Adversarial testing can also be employed to deliberately introduce challenging or edge cases to the GenAI model to assess its robustness and reliability. As GenAI outputs evolve, it is recommended that long-term monitoring be used to continuously track and evaluate the performance and reliability of the model. This could be applicable, for example, in supply chain intelligence GenAI-powered applications.

The Sky is the Limit — For Now

In the industrial environment, we are still scratching the surface of what GenAI can do. Organizations should collaborate with tech vendors and service providers to understand the value of GenAI and turn it into a significant competitive advantage. Regulators may try to restrict or otherwise control GenAI technology, but the cat is already out of the bag. Development is inevitable.

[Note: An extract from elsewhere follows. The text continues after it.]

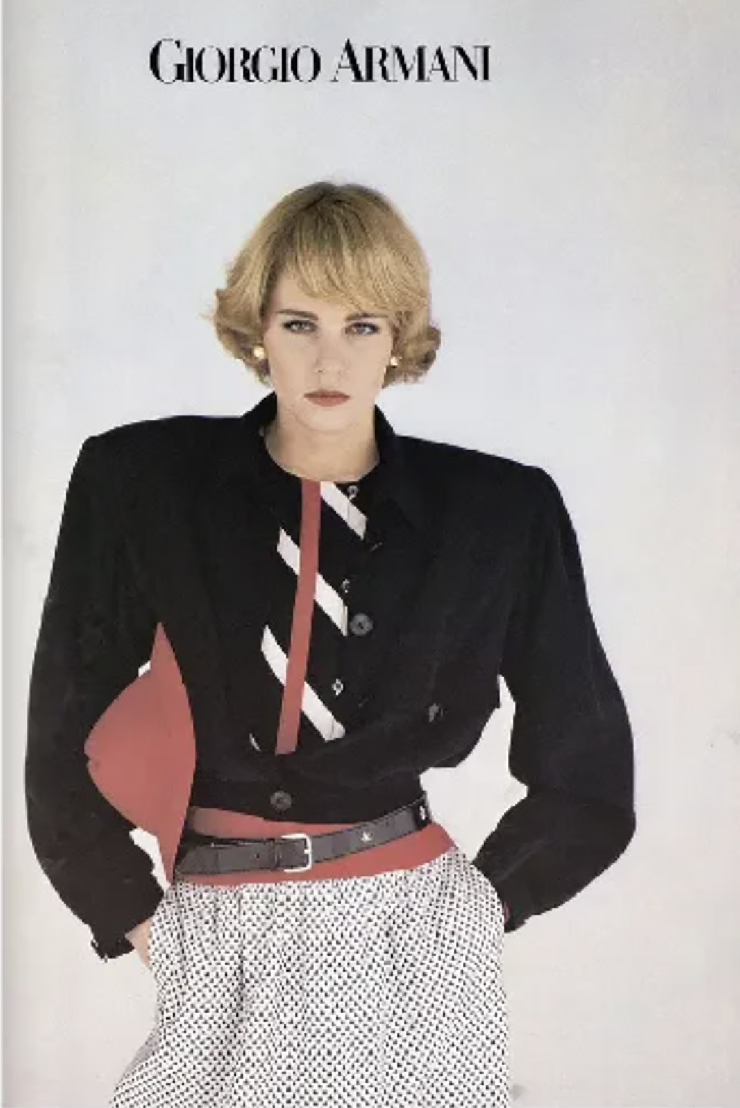 在邓颖看来,阿玛尼敢于挑战当时流行的“宽领窄腰”审美,在细节处改造传统正装,为女性西装赋予棱角分明的轮廓,促使人们更快、也更愉快地实现“用时装表达立场”以及“回归生活”的新审美诉求。

To get first-hand information about the development of GenAI, organizations should follow well-known AI technology specialists, as well as start-ups and hyperscalers. Hyperscalers like Google, Microsoft, and Amazon are at the forefront of AI research and development. They invest significant resources in exploring and advancing AI techniques, including GenAI. Hyperscalers often offer cloud-based AI services and platforms that include GenAI capabilities. Keeping up with their offerings can help you understand the latest tools and services available for developing GenAI applications.

Managers traditionally expect to start seeing ROI for tech like GenAI within 1.5 years — but with the right IT infrastructure in place to deliver scalability of GenAI tools, an ROI target could be reached within months. Improved customer service, for example, brings additional revenues almost immediately. And process optimization using data intelligence can provide improved productivity while reducing costs incurred due to poor quality.

Beware the Competition!

GenAI is poised to revolutionize the manufacturing industry, enabling manufacturers to unlock new levels of efficiency and innovation. From product design to supply chain optimization, GenAI can have a significant impact on KPIs.

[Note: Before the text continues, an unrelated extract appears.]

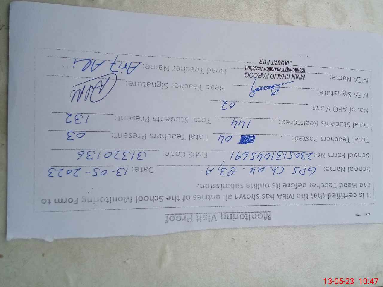| Attendance Register | Head Teacher | MEA with School | Visit Proof |

But beware: Do not allow the competition outrun you in terms of GenAI adoption. Stay on top of developments and act before competitors use GenAI to threaten your business.

At the same time, do not underestimate the risk of intellectual property (IP) leakage, or the unauthorized use, disclosure, or exposure of valuable intellectual property through the utilization of generative AI models. Embed an IP leakage prevention mechanism in your general AI and data governance. This should include removal or anonymization of sensitive or proprietary information from training data sets.

As always, stay busy with what works — but keep an eye focused on the future. Embracing this transformative technology is a crucial step toward more efficient and innovative prospects for businesses of any size.